::: DATA SECTION :::

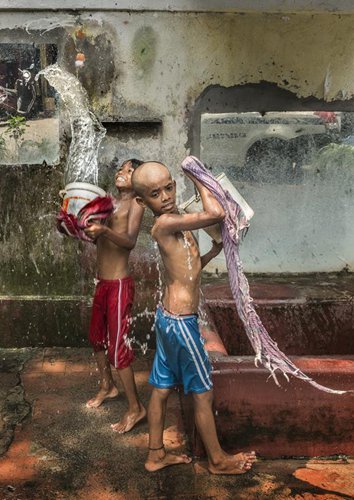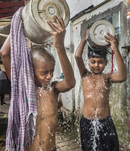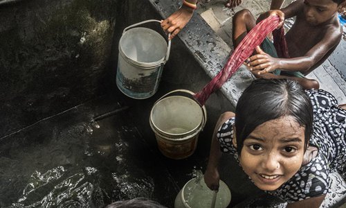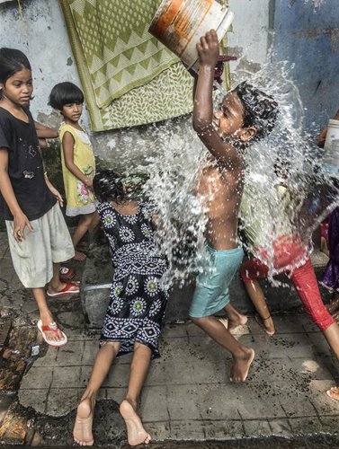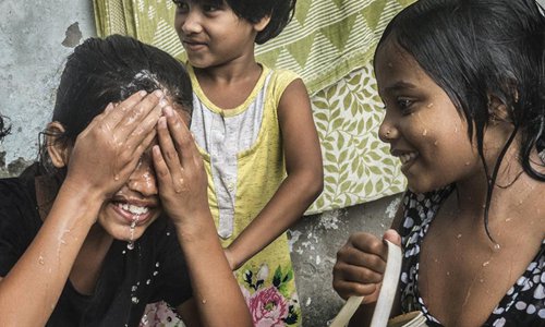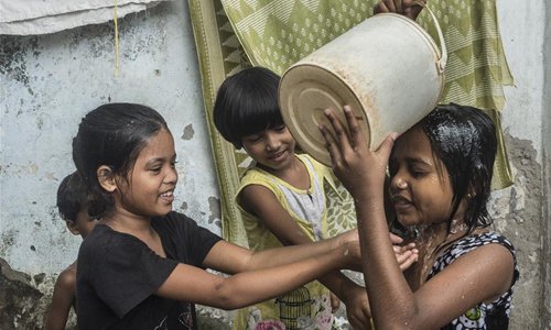 Indian children cool themselves at a slum area in a hot summer afternoon in Kolkata, India on May 22, 2019. (Photo: Xinhua)
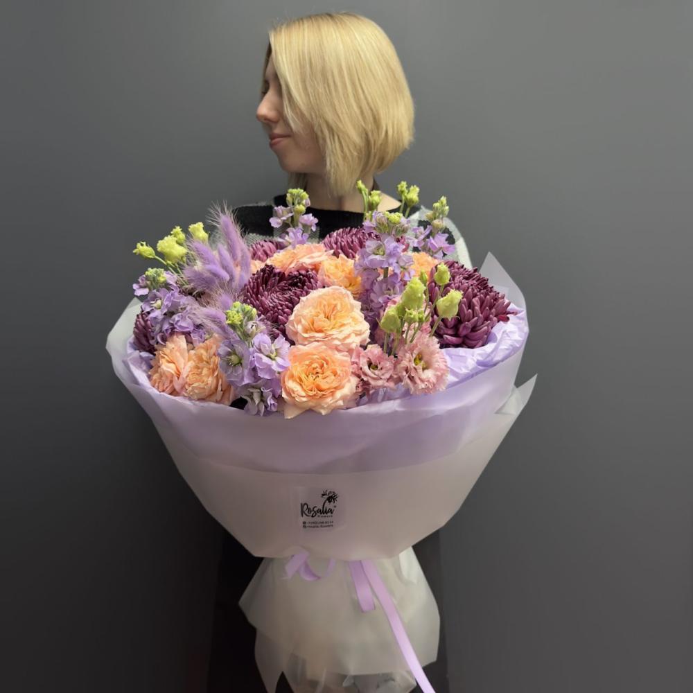 Каждый наш букет - дизайнерская композиция. Все их невозможно повторить в точности из-за сезонности и природной уникальности внешнего вида каждого цветка. Но мы сохраним размер, атмосферу и стилистику.
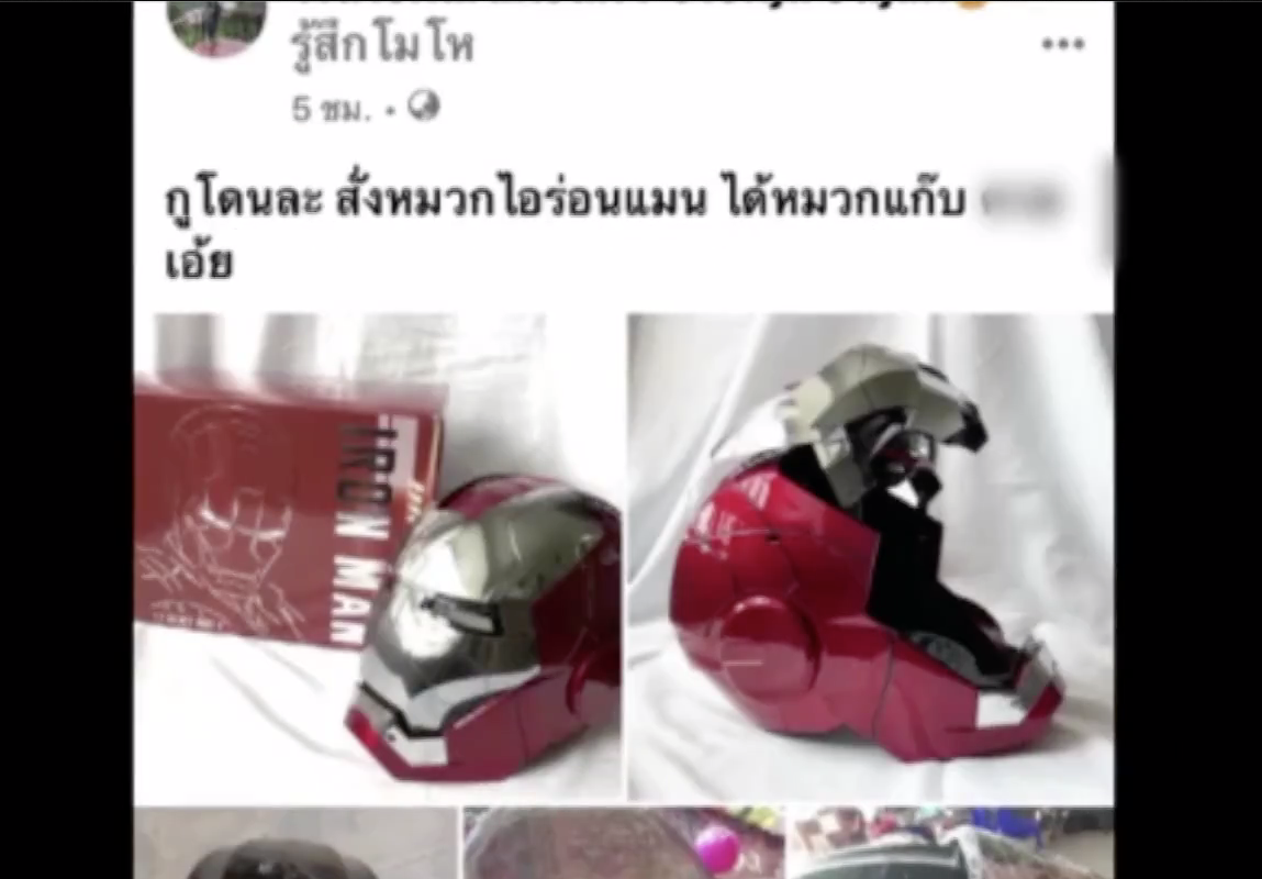 ชลบุรี 18 ส.ค.- หนุ่มโพสต์เตือนภัย สั่งหมวกกันน็อก Iron Man ออนไลน์ ได้สินค้าไม่ตรงปก ขนาดเก็บเงินปลายทางยังสูญเงินนับพัน
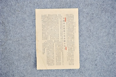 中国共产党第三次全国大(会)宣言。(中共三大会址纪念馆提供)

:::

### [INSTRUCTIONS FOR THE TASK]
Output the span from the line with "ชลบุรี 18 ส.ค.- หนุ่มโพสต์เตือนภัย" through the last line of the data, inclusive and exact, and omit every picture.

### [EXERCISE OUTPUT]
 ชลบุรี 18 ส.ค.- หนุ่มโพสต์เตือนภัย สั่งหมวกกันน็อก Iron Man ออนไลน์ ได้สินค้าไม่ตรงปก ขนาดเก็บเงินปลายทางยังสูญเงินนับพัน
 中国共产党第三次全国大(会)宣言。(中共三大会址纪念馆提供)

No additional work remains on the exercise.